According to him, the programme analyses to build a deep understanding of the local landscape that is used to design trade and investment opportunities to be responsive to local needs and constraints, while building off lessons learned from across the continent.
For his part, Managing Director of African Operations for Prosper Africa, Brinton Bohling, indicated that a lot of the initiative’s thinking had been on how to work with the USAID Regional Missions to better what was previously achieved with the trade hubs.
He encouraged creative and synergistic collaboration so that the missions can leverage regional resources with central funding under the USAID Africa Trade and Investment programme that seeks to deliver on the African Growth and Opportunity Act (AGOA.)
Since its inception in September 2021, the ATI programme has generated thousands of jobs across the African continent and within the United States, delivering billions in exports and investments, mobilising private-sector-driven solutions and creating healthy business environments.
To achieve this, the programme applies a sector-agnostic, continental approach, representing a fundamental shift in how USAID normally programmes resources.
Supply chains cut across regions and countries, with the private sector evaluating the opportunities of markets.
Critically, the programme mirrors the private sector’s approach and enables USAID to be more responsive to private sector needs than ever.
The choice to position the ATI programme in Ghana is a strategic one because the country is one of the fastest-growing economies in the world according to a release.
Trade accounts for 90 per cent of Ghana’s gross domestic product, but there are many opportunities to increase the competitiveness of Ghanaian firms, particularly within the agri-food sector, which could create more jobs, reduce inequities and increase household incomes.

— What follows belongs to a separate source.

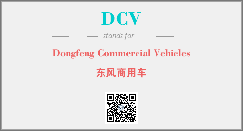 英文缩略词“DCV”经常作为“Dongfeng Commercial Vehicles”的英文缩写来使用,中文表示:“东风商用车”。本文将详细介绍英文缩写词DCV所代表英文单词,其对应的中文拼音、详细解释以及在英语中的流行度。此外,还有关于缩略词DCV的分类、应用领域及相关应用示例等。

In West Africa, the ATI programme is already working in Burkina Faso, Chad, Mauritania, Côte d’Ivoire, Benin, Niger, Ghana and Liberia.
In Niger, the programme will address food security and resilience challenges by strengthening Niger’s financial sector and enabling access to capital and inputs for farmers.
In Liberia, the ATI programme is advancing opportunities for partnership that will grow the commercial agricultural sector, especially for women and youth.
The programme will also improve investment in productivity and commercialisation of Liberian agribusinesses.